#### Given data

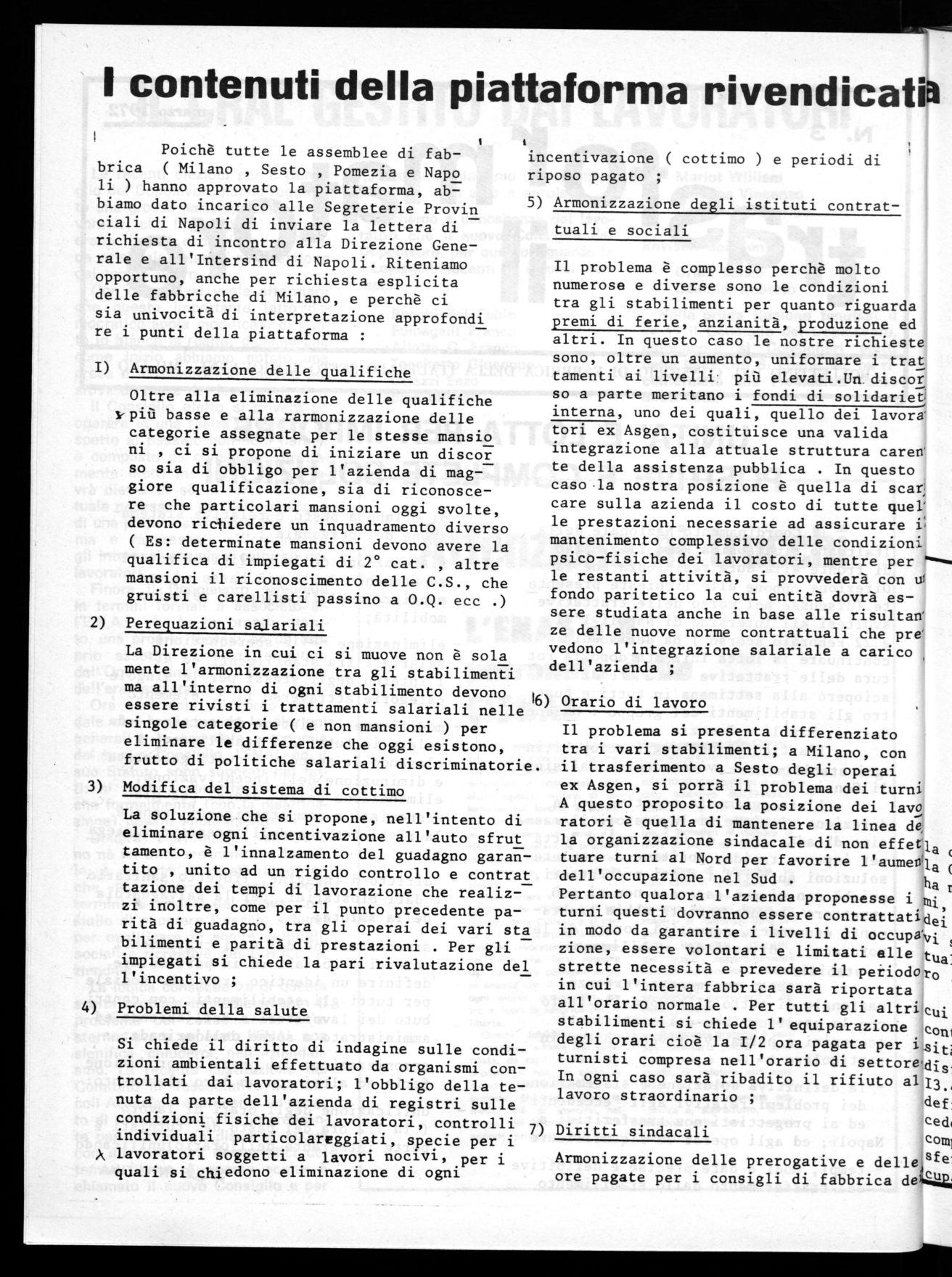 Poiché tutte le assemblee di fabbrica ( Milano , Sesto , Pomezia e Napo li ) hanno approvato la piattaforma, abbiamo dato incarico alle Segreterie Provin cieli di Napoli di inviare la lettera di richiesta di incontro alla Direzione Generale e all'Intersind di Napoli. Riteniamo opportuno, anche per richiesta esplicita delle fabbricche di Milano, e perchè ci sia univocità di interpretazione approfondi re i punti della piattaforma :
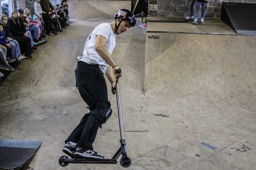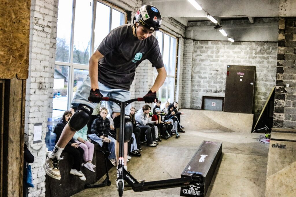 Gulbenē pagājušās nedēļas nogalē notika “Indoor master” iekštelpu skeitparka sacensības, kuras pulcēja 15 dalībniekus no Gulbenes, Cesvaines un Rīgas. Jaunieši brauca noteiktu trasi ar dažādiem elementiem, rādot elpu aizraujošus trikus ar skrejriteņiem.
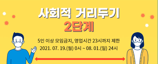 코로나바이러스감염증-19 예방 및 확산을 차단하기 위하여 울산 사회적 거리두기 2단계 행정조치가 실행이 되었습니다.
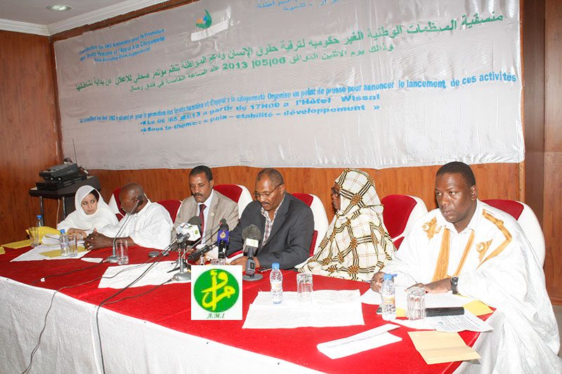 نظمت منسقية المنظمات غير الحكومية لترقية حقوق الانسان ودعم المواطنة مساء اليوم الاثنين في فندق وصال بنواكشوط مؤتمرا صحفيا بمناسبة انطلاق انشطتها.
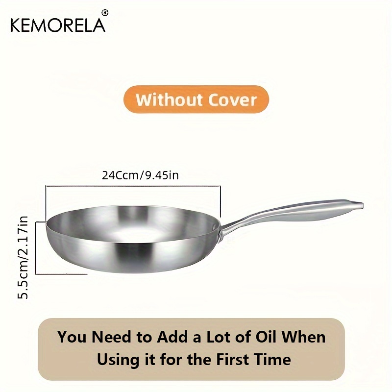 The KEMORELA Nonstick Frying Pan is crafted using high-quality 304 stainless steel, providing excellent durability, resistance to rust, and stable heat conduction. Its sleek stainless steel body ensures even heating across the surface, preventing hot spots and producing consistent cooking results—especially important for delicate foods like eggs and omelettes.
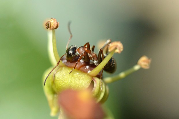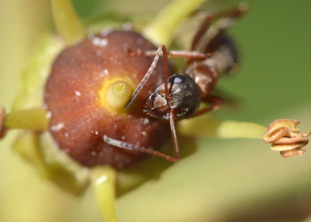 Fig 3. Obrera de la especie Formica rufibarbis en una flor de hiedra (Hedera helix)./ C. Pradera 11-2017
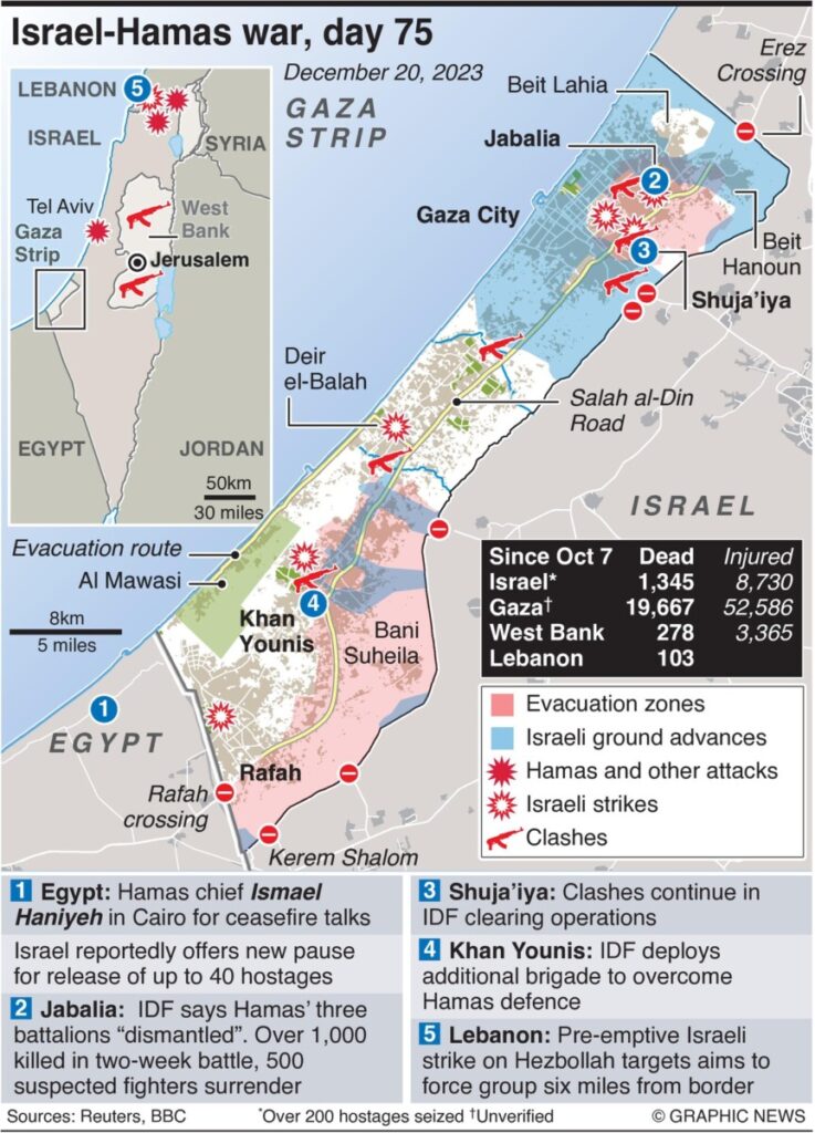 In de Gazastrook is de situatie gespannen; bewoners van de zuidelijke stad Khan Younis rapporteren verhoogde gevechtsactiviteiten. Israëlische bronnen geven aan dat sinds het begin van de vijandelijkheden 1.139 individuen zijn omgekomen door Hamas-geïnitieerde aanvallen, waaronder 695 Israëlische burgers met 36 kinderen onder de slachtoffers.

########

● **Problem to work on**: Would you repeat the entries exactly, keeping the images out?

● **Your solution**:
 Poiché tutte le assemblee di fabbrica ( Milano , Sesto , Pomezia e Napo li ) hanno approvato la piattaforma, abbiamo dato incarico alle Segreterie Provin cieli di Napoli di inviare la lettera di richiesta di incontro alla Direzione Generale e all'Intersind di Napoli. Riteniamo opportuno, anche per richiesta esplicita delle fabbricche di Milano, e perchè ci sia univocità di interpretazione approfondi re i punti della piattaforma :
 Gulbenē pagājušās nedēļas nogalē notika “Indoor master” iekštelpu skeitparka sacensības, kuras pulcēja 15 dalībniekus no Gulbenes, Cesvaines un Rīgas. Jaunieši brauca noteiktu trasi ar dažādiem elementiem, rādot elpu aizraujošus trikus ar skrejriteņiem.
 코로나바이러스감염증-19 예방 및 확산을 차단하기 위하여 울산 사회적 거리두기 2단계 행정조치가 실행이 되었습니다.
 نظمت منسقية المنظمات غير الحكومية لترقية حقوق الانسان ودعم المواطنة مساء اليوم الاثنين في فندق وصال بنواكشوط مؤتمرا صحفيا بمناسبة انطلاق انشطتها.
 The KEMORELA Nonstick Frying Pan is crafted using high-quality 304 stainless steel, providing excellent durability, resistance to rust, and stable heat conduction. Its sleek stainless steel body ensures even heating across the surface, preventing hot spots and producing consistent cooking results—especially important for delicate foods like eggs and omelettes.
 Fig 3. Obrera de la especie Formica rufibarbis en una flor de hiedra (Hedera helix)./ C. Pradera 11-2017
 In de Gazastrook is de situatie gespannen; bewoners van de zuidelijke stad Khan Younis rapporteren verhoogde gevechtsactiviteiten. Israëlische bronnen geven aan dat sinds het begin van de vijandelijkheden 1.139 individuen zijn omgekomen door Hamas-geïnitieerde aanvallen, waaronder 695 Israëlische burgers met 36 kinderen onder de slachtoffers.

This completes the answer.